The first two novels, LANDO CALRISSIAN AND THE MINDHARP OF SHARU and LANDO CALRISSIAN AND THE FLAMEWIND OF OSEON, each follow basically the same formula: Lando is arrested on trumped-up charges and strong-armed into a dangerous quest, which proves much weirder than advertised (involving some surreal interludes) and turns out rather differently than anyone expects. In the course of these adventures, Lando makes a very dangerous enemy called Rokur Gepta, a strange being who is, or claims to be, a Sorcerer of Tund, a practitioner of Ancient Magics that Lando, naturally enough, assumes are entirely hogwash. In the third and final book, Lando comes to the aid of a race of manta-ray-like beings called oswaft, who live in deep space and can move at will through hyperspace — an early version of the purrgil space-whales of REBELS, albeit unequivocally sentient — and who are about to be wiped out by a military blockade.
Unlike in the movie SOLO, Smith's young Lando considers himself a gambler and con artiste, not a smuggler or soldier of fortune, making his living at sabacc (a game Smith invented for these books) and only very rarely carrying a weapon big enough to spoil the line of his cummerbund. After winning the Millennium Falcon just prior to the beginning of the first book, he's actually keen to unload the ship because he doesn't know how to fly, preferring to travel by luxury liner.

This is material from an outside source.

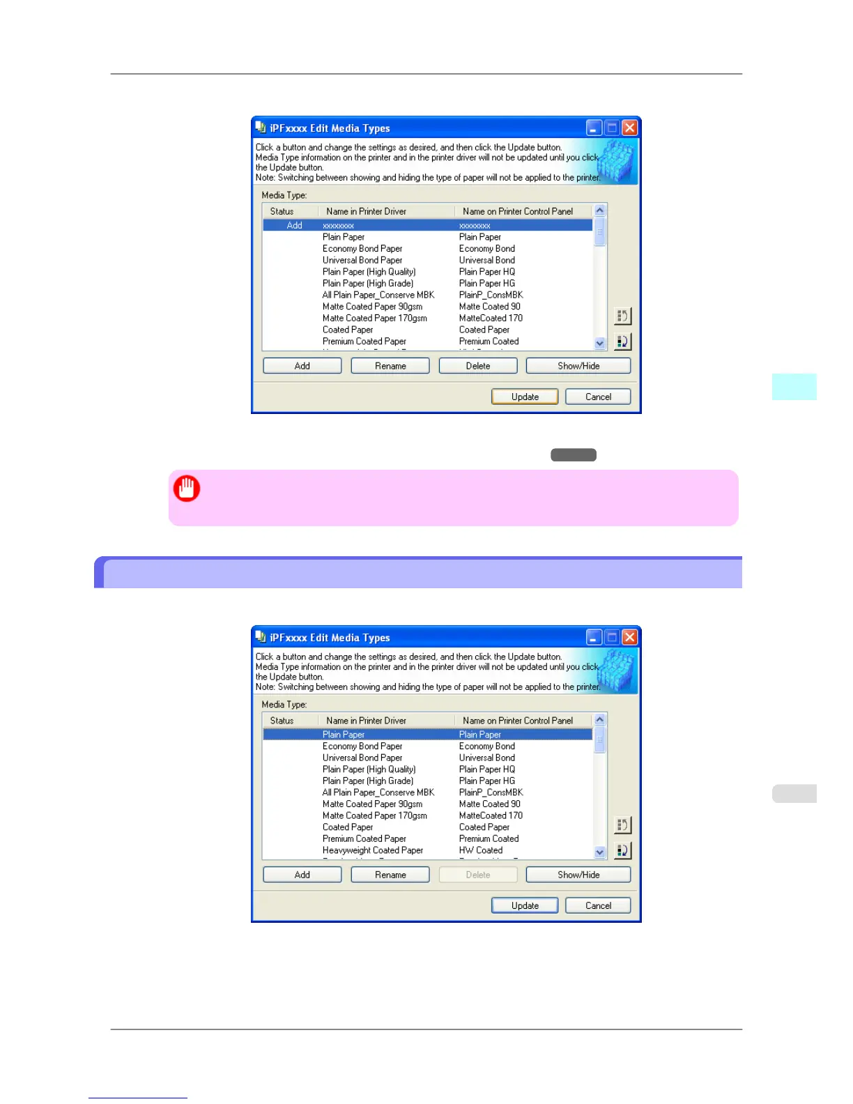 Media Types wizard is started at this point. For details on the procedure to update paper informa-

Lando similarly acquires a droid who becomes his sidekick: Vuffi Raa, a mechanical starfish with his brain in his central body and five detachable tentacles that can alternatively serve as arm, leg, or "face." (This description apparently defeated cover artist William Schmidt; the droid on the cover of the first book does have tentacles, but doesn't otherwise resemble how Smith describes Vuffi.)

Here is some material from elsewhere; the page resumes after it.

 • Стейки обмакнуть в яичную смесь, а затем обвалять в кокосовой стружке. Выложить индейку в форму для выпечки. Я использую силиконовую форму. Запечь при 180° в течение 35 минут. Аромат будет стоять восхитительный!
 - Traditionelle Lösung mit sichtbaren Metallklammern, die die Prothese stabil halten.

Smith, who died in 2021, was a Libertarian gun nut, but editorial pushback keeps that to a low boil in these novels, which makes them by far the most readable of Smith's books for anyone who's not a Libertarian crank. There's still a wry and cynical anti-authoritarian streak, however, which is perfectly appropriate for Lando Calrissian.

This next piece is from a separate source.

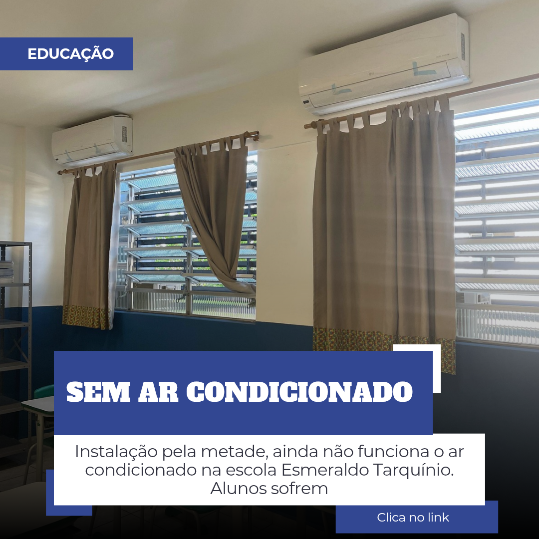 “Dessa vez só deu tempo de instalar o ar! Como todo ano de eleição prometeram e como não deu tempo fizeram o trabalho pela metade, instalaram ar condicionado em todas as salas do Escola Esmeraldo Tarquinio mais não há poste para ser ligado! Ar condicionado se tornou necessidade nessas classes quentes que ficam nossos filhos, e é uma lástima não ligaram porque a prefeitura enrola pra fazer a instalação do poste. As aulas iram começar na segunda feira e quem estava na reunião agora de manhã sentiu o abafado nas classes!! Alô vereadores que fizeram passeatas na Avenida Álvaro Guimarães, cadê vocês?? Sumiram ???”. Diz nossa seguidora.

Smith's take on Lando is really the best part of these books. You get a clear sense of how being a professional gambler shapes Lando's outlook, and while he's not exactly heroic, you can see a nascent set of principles taking shape. Unlike Han Solo (who isn't mentioned in these novels), Lando is self-possessed but not cocky, and he's much less inclined than Han is to solve problems with violence.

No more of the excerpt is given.